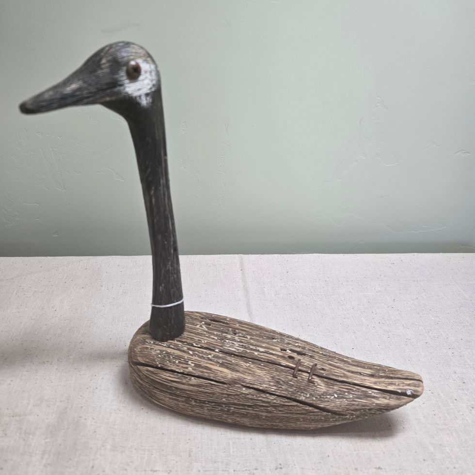 This wooden goose figurine adds a timeless touch of rustic charm to any home. With its hand-carved look, long neck, and weathered finish, it feels right at home in a farmhouse, cabin, or western-inspired space. A simple yet striking accent piece, it works beautifully on shelves, mantels, or as part of a country-style décor display.
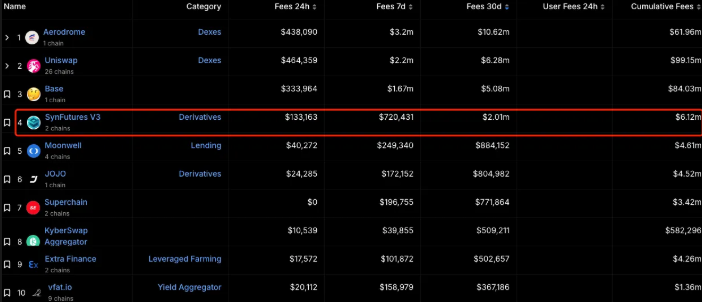 让我们先看看 SynFutures 在 Base 衍生品赛道的数据表现:
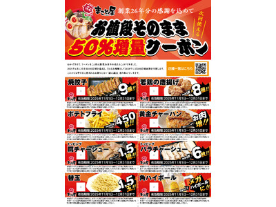 【創業26年分の感謝をこめて!】ラーメンまこと屋 次回使える『お値段そのまま50%増量クーポン』配布!無くなり次第終了!有効期限2025年11月1日(土)~12月31日(水)
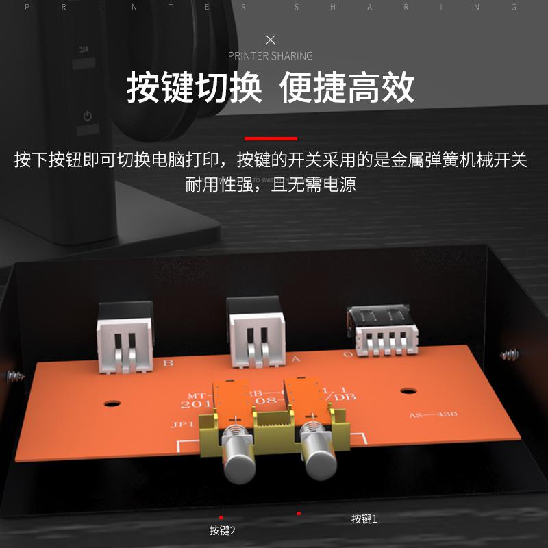 山泽BL-202WUSB打印机共享器2进1出2口USB手动切换器免驱(个)

◆ ◆ ◆ ◆ ◆

### What this task involves
Transcribe the full listing above exactly, with the images removed.

### Response area
 This wooden goose figurine adds a timeless touch of rustic charm to any home. With its hand-carved look, long neck, and weathered finish, it feels right at home in a farmhouse, cabin, or western-inspired space. A simple yet striking accent piece, it works beautifully on shelves, mantels, or as part of a country-style décor display.
 让我们先看看 SynFutures 在 Base 衍生品赛道的数据表现:
 【創業26年分の感謝をこめて!】ラーメンまこと屋 次回使える『お値段そのまま50%増量クーポン』配布!無くなり次第終了!有効期限2025年11月1日(土)~12月31日(水)
 山泽BL-202WUSB打印机共享器2进1出2口USB手动切换器免驱(个)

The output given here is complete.